A diagram showing the nodes and the links between them in a Tor circuit. Although Tor does not encrypt the communication between the exit node and destination itself, it can be encrypted by the applications using Tor – for example, the user's web browser could use HTTPS instead of HTTP.

At no single point in the circuit are the source IP address, destination IP address and contents of the message all known to an eavesdropper simultaneously. To reduce the chance that users can be de-anonymized, Tor attempts to avoid picking nodes that share the same operator when creating circuits. This makes it difficult, but perhaps not impossible, for the identity of a particular user to be discovered. For example, an attacker who can observe a user's traffic as it both enters and leaves the Tor network can carry out a traffic confirmation attack, in which they correlate characteristics such as the timing or volume of the user's traffic, to link the user to the destination server.

Unsurprisingly, the anonymity provided by Tor makes it an attractive tool for fraudsters.
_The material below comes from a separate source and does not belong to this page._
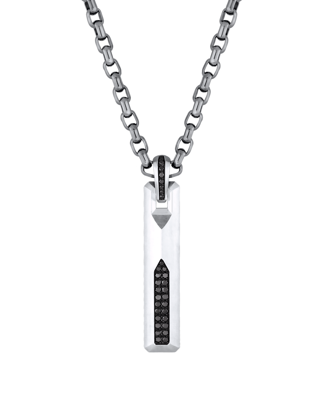 Molu Siyah Pırlantalı Gümüş Kolye: 925 Ayar Gümüş ve siyah pırlantanın güçlü uyumunu taşıyan kolye, eski zamanlara ait ‘okçuluk’ temasından aldığı ilhamı Molu’nun usta işçiliği ile birleştiriyor.

For example, a phisher who has tricked users into handing over their online banking credentials might use Tor to log in to the bank's website with the compromised credentials. The bank's log files will show the IP address of the Tor exit node, rather than the phisher's own IP address, making it more difficult for the bank and law enforcement agencies to trace the fraud back to the phisher.

The report from FinCEN examined 6,048 suspicious activity reports (SARs) filed by banks and other financial companies between 2001 and 2014. Of those, 975 involved Tor, totalling $24 million of "likely fraudulent activity". The report goes on to state that "in the majority of the SAR filings, the underlying suspicious activity – most frequently account takeovers – might have been prevented if the filing institution had been aware that their network was being accessed via Tor IP addresses." Even if blocking Tor does not deter phishers from committing fraud entirely, it may cause them to switch to using services that are easier for the authorities to trace, such as open proxy servers or anonymous VPN services.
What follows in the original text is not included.